Directions for this task | Starting at the first line of the listing below, retype each line up to and including the one that contains "Venez chiner et". Leave pictures out.

Information shown |
___

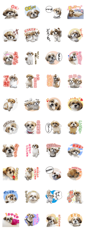 シーズー犬ぽんずとかぼすの実写スタンプ第2弾。毎日の会話によく使いそうな言葉を色々な表現でスタンプにしました。
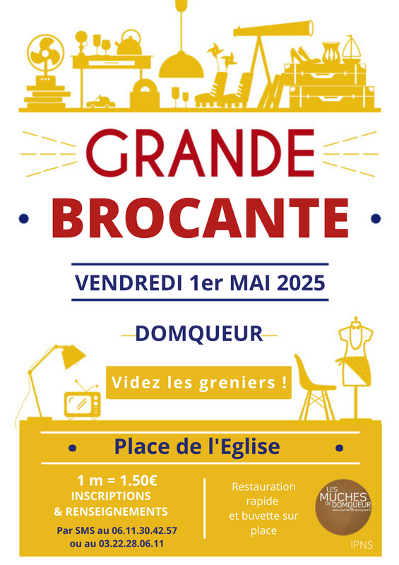 Venez chiner et faire de bonnes affaires lors de la grande brocante de domqueur qui aura lieu le vendredi 1er mai 2025 sur la place de l'église.
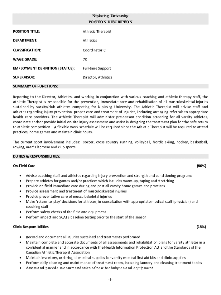 Nipissing University POSITION DESCRIPTION POSITION TITLE:Athletic TherapistDEPARTMENT:AthleticsCLASSIFICATION:Coordinator CWAGE GRADE:70EMPLOYMENT DEFINITION (STATUS):Fulltime SupportSUPERVISOR:Director,

___

Solution below |
 シーズー犬ぽんずとかぼすの実写スタンプ第2弾。毎日の会話によく使いそうな言葉を色々な表現でスタンプにしました。
 Venez chiner et faire de bonnes affaires lors de la grande brocante de domqueur qui aura lieu le vendredi 1er mai 2025 sur la place de l'église.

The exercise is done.